___ DATA SHOWN

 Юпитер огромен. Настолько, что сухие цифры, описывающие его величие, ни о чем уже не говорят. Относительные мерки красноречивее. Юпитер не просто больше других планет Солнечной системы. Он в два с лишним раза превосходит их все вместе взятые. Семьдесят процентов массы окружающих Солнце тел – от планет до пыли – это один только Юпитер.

______
___ DATA SHOWN

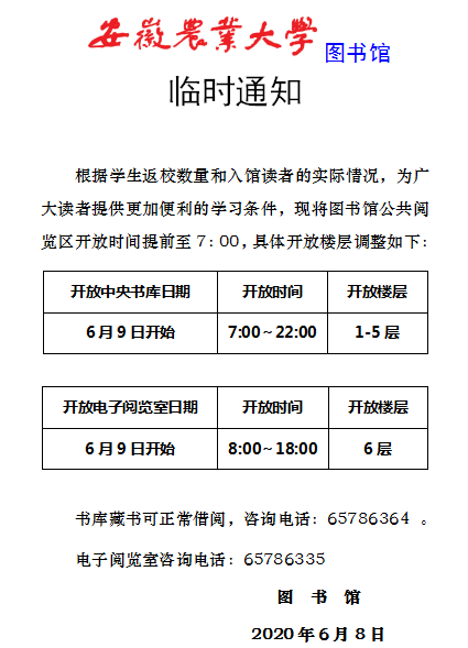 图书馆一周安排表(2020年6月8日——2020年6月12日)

______
___ DATA SHOWN

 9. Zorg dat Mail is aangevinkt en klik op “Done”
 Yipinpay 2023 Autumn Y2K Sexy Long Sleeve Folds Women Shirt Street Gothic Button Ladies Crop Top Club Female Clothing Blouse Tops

______

● **WHAT IS NEEDED**
Using only the entries above, output the line with "9. Zorg dat", the line with "Yipinpay 2023 Autumn", and all lines between them, exactly as they stand.

● **ANSWER BELOW**
 9. Zorg dat Mail is aangevinkt en klik op “Done”
 Yipinpay 2023 Autumn Y2K Sexy Long Sleeve Folds Women Shirt Street Gothic Button Ladies Crop Top Club Female Clothing Blouse Tops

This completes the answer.